Remove `protoc` requirement
Trying to add lance as a dependency currently results in a build error:
error: failed to run custom build command for `lance-encoding v0.18.2`
Caused by:
process didn't exit successfully: `lance-encoding-b1cb34df4c6a6aa9/build-script-build` (exit status: 1)
--- stdout
cargo:rerun-if-changed=protos
--- stderr
Error: Custom { kind: NotFound, error: "Could not find `protoc`. If `protoc` is installed, try setting the `PROTOC` environment variable to the path of the `protoc` binary. To install it on Debian, run `apt-get install protobuf-compiler`. It is also available at https://github.com/protocolbuffers/protobuf/releases For more information: https://docs.rs/prost-build/#sourcing-protoc" }
You should instead check in the generated code, and include it in the crate. The build.rs should do nothing (or ideally, not exist).

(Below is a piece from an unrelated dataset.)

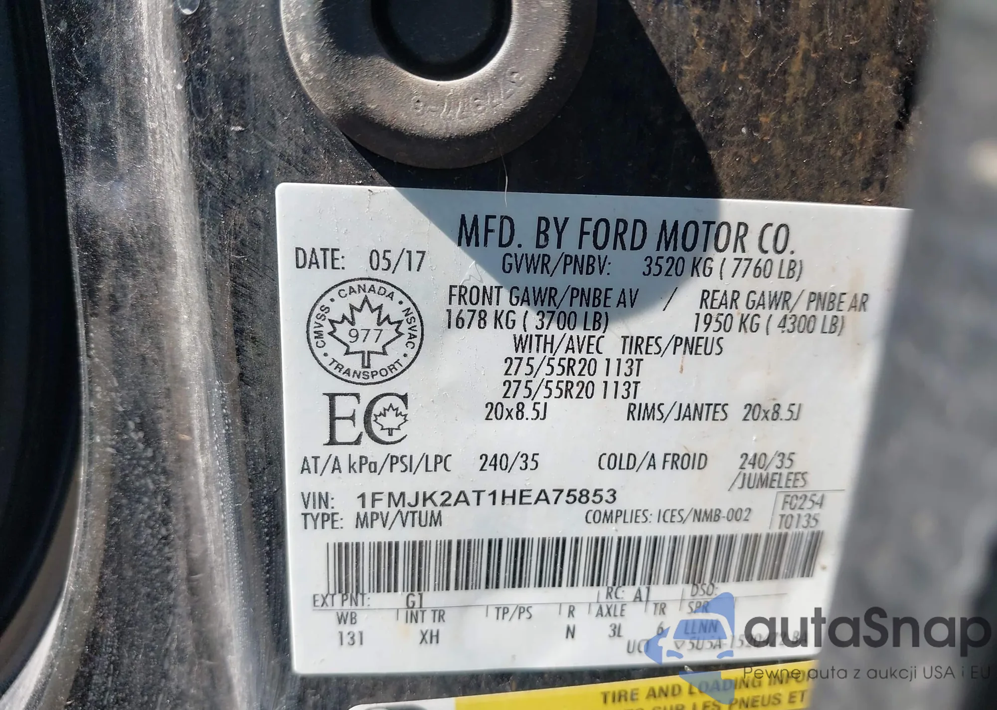 Автомобиль Ford Expedition 2017 (VIN 1FMJK2AT1HEA75853) ранее не участвовал в торгах. Документы чистые, пробег соответствует или ниже среднего по рынку. Продаётся страховой компанией — рекомендуем покупку. Доставка в порт займет около 6–8 недель.

error: failed to run custom build command for lance-encoding v0.20.0 (https://github.com/lancedb/lance.git?tag=v0.20.0-beta.2#920b1918)
note: To improve backtraces for build dependencies, set the CARGO_PROFILE_DEV_BUILD_OVERRIDE_DEBUG=true environment variable to enable debug information generation.
Caused by:
process didn't exit successfully: /Users/xwg/dev/rust/lancedb/target/debug/build/lance-encoding-b8d4df13f280b9ab/build-script-build (exit status: 1)
--- stdout
cargo:rerun-if-changed=protos
--- stderr
Error: Custom { kind: Other, error: "protoc failed: google/protobuf/empty.proto: File not found.\nencodings.proto:8:1: Import "google/protobuf/empty.proto" was not found or had errors.\nencodings.proto:303:5: "google.protobuf.Empty" is not defined.\n" }
@emilk How to temporarily alleviate this problem
Note an additional wrinkle: Datafusion requires protoc as well. Not just for Substrait but also for Arrow flight and for Datafusion's own internal plan serialization format. It does not appear to be an optional dependency and Datafusion lists protobuf-compiler as a required dependency.

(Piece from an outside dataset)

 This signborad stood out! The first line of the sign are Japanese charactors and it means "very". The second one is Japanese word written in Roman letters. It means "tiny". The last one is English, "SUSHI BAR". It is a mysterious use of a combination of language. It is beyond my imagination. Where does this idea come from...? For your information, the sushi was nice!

So even if we can checkin the generated code there will still be a need for protoc to build datafusion.
Sounds like we should open an issue on https://github.com/apache/datafusion too then
Sounds like we should open an issue on https://github.com/apache/datafusion too then
Yes, another alternative is modifying datafusion to mask flight and its internal representation behind feature flags. We don't use or need those features (and I don't expect we will anytime soon) and this might be a more palatable change.

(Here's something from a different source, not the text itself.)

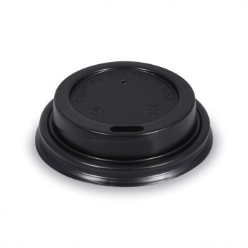 Konvexer Deckel schwarz für Pappbecher Durchmesser 62 mm. Die Tassen sind in der Farbe Weiß Nr. 100024668, in der Farbe Braun Nr. 100030846 oder mit Aufdruck Nr. 100023723 erhältlich.

(which, to be clear, would also require opening an issue)
Is there any progress on remove protoc?
https://github.com/lancedb/lance/pull/3363 removes the need for an external protoc but does not remove the need for protoc altogether. It adds a new protoc feature. If you enable this feature then you should be able to build in Linux and OSX environments even if there is no externally available protoc.
I will leave this issue open in case anyone wants to work on a complete removal of protoc from the build process. However, given that our dependencies also require protoc, the work should probably start with datafusion and substrait and then work its way up here.
This is still a BIG problem:
- https://github.com/rerun-io/rerun/issues/11581
We cannot depend on the lance crate, because it depends on lance-encoding with the default features enabled, and the default features of lance-encoding requires an up-to-date protoc binary on the system path.
For us at Rerun, it means cargo install rerun-cli is broken for a lot of our users. As a consequence, I'm now working on removing lance support and making it opt-in.
Solutions
Best solution: do NOT depend on protoc, and instead check in the generated code. No need for build.rs. This is what we do with our proto-buf definitions at Rerun, and it works great.
Otherwise: make proto-compilation an OPTIONAL feature at the lance level (i.e. allow me to compile the lance crate without protoc).
And finally: for when protoc is absolutely required, use https://crates.io/crates/protoc-prebuilt to ensure it is installed before calling it.
I have started https://github.com/substrait-io/substrait-rs/issues/411
I just want to note that it looks like datafusion and arrow dropped the requirement on build-time protobuf compilation. See https://github.com/apache/arrow-rs/pull/3927, https://github.com/apache/datafusion/pull/3950, so https://github.com/substrait-io/substrait-rs/issues/411 is the last missing piece mentioned in this thread.